People don't save because they are not disciplined. They make $40K a year and they spend $40K+ a year. They buy NEW cars rather than the $2,000 used model that I drove. They buy big houses they can barely afford, rather than the cheapest house that worked for them. They fancy new clothes and had the nicest home entertainment systems that their credit limits will allow instead of getting cheaper clothes or even used (gasp).

I've worked with immigrants that make minimum wage, support a family on that and still send $200 a month back to their country of origin, these people know how to handle money and how to save. On the flip side I've seen people who make $250K a year go through bankruptcy with over $1 million in debt because they don't have a clue and think they aren't "making enough."

The bottom line is you can save any time you want to and the MOST important time to start saving is EARLY in life due to power of compounding interest.
Good post!!
My high school business class teacher taught us the "rule of 72"- you divide the interest rate/return that you are receiving on savings/investments into 72 and the result will tell you the number of years until your money doubles. I started watching my money that way at that age, it became a game, a 40 year game!!! when you focus more on growing your savings more than spending all you have, good things happen over time.
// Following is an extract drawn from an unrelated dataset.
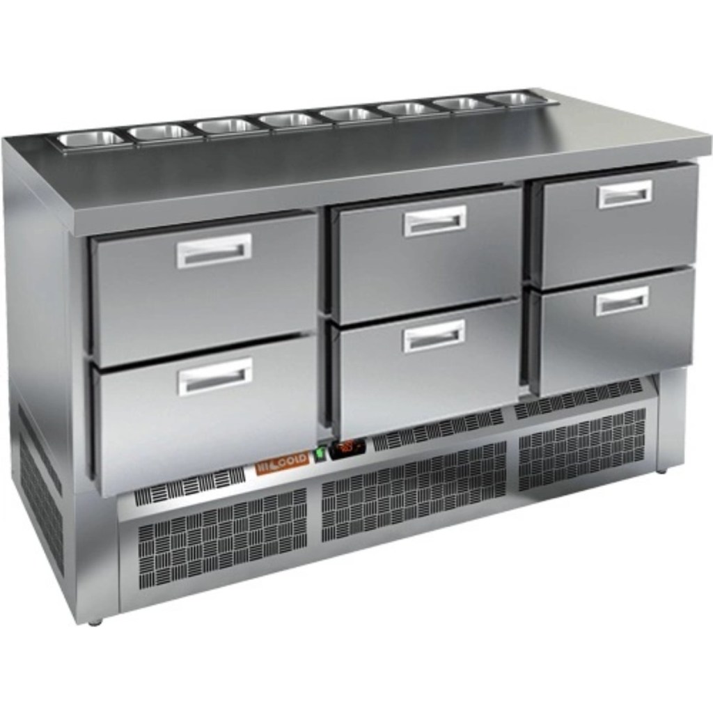 Каталог оборудования Холодильное оборудованиеСтолы охлаждаемыеСтолы холодильные для салатовСтол холодильный для салатов HiCold SLE2-222GN (1/6) О без крышки Стол холодильный для салатов HiCold SLE2-222GN (1/6) О без крышки Код товара: 064-890 Поделиться: WhatsAppTelegram СравнитьДобавить в КПВ избранное 0 235 882 ₽ В корзину 0 шт Под заказСамовывоз сегодня бесплатно Взять в кредит Купить в лизинг Получить консультацию в WhatsApp Описание Характеристики Отзывы 0 Стол холодильный для салатов HiCold SLE2-222GN (1/6) О без крышки — это профессиональный салатный стол, предназначенный для использования в кафе, ресторанах, пиццериях и других предприятиях общественного питания. Он совмещает в себе просторную рабочую поверхность и охлаждаемый объем, обеспечивая удобство и эффективность при приготовлении различных блюд — от салатов до пиццы. Благодаря корпусу и столешнице из нержавеющей стали, оборудование устойчиво к коррозии, легко очищается и соответствует санитарным требованиям. Ключевые особенности: Электронная панель управления — обеспечивает точное регулирование температуры и удобство в эксплуатации. 6 выдвижных ящиков — обеспечивают удобное распределение ингредиентов и быстрый доступ к ним в процессе работы. Салат-бар вмещает до 8 гастроемкостей — оптимален для широкого ассортимента заготовок. Автоматические доводчики дверей с фиксацией — повышают удобство использования, особенно при загрузке и выгрузке продуктов. Магнитные уплотнители — легко заменяются и обеспечивают плотное прилегание, предотвращая утечку холода. Открытая агрегатная часть — облегчает техническое обслуживание. Регулируемые ножки — позволяют установить стол на любой поверхности, компенсируя неровности пола. Максимальная глубина гастроемкостей — 100 мм — подходит для хранения различных типов продуктов. Столешница толщиной 50 мм без борта — полноценная рабочая зона. Теплоизоляция толщиной 50 мм — сохраняет стабильный температурный режим и снижает энергозатраты. HiCold SLE2-222GN (1/6) О без крышки — это функциональный и вместительный салатный стол, который идеально подходит для профессиональных кухонь с интенсивной загрузкой. Он сочетает в себе надежность, удобство и продуманную конструкцию для максимальной производительности на рабочем месте.Изображение товара, представленного на фото, может отличаться от его фактического вида. Показать все Габаритные размеры1485×700×850 ммДиапазон рабочей температурыот +2 до +10 °CРасположение агрегатаНижнее Материал столешницыНержавеющая Тип столаС ящиками Объём375 лТип гастроемкостейGN 1/6 Количество ящиков6 штНапряжение220 ВМощность0,2 кВтТип охлажденияДинамическое Тип оттайкиАвтоматическая СтолешницаБез борта Габариты в упаковке1700×850×1080 ммВес нетто115 кгВес брутто160 кгБрендHicold Оставить отзыв Еще никто не оставил отзыв на этот товар Ранее просмотрено Под заказ 320 122 ₽ Стол холодильный для салатов HiCold SL2-2222GN (1/6) с крышкой

We have one of those blinged out >750k coaches that so many seem to be resentful of, it's paid for with cash!! and it cost a lot more than our house!! We think it's funny that folks think we buy these to say "look at me" yet we spent our whole careers living in less house than we could afford, driving less car than we could afford, saving our incomes, not showing them off. But now we've changed and are all about showing off??? It also helps to always have been the first one to work each day and the last one to leave, that gets noticed and rewarded.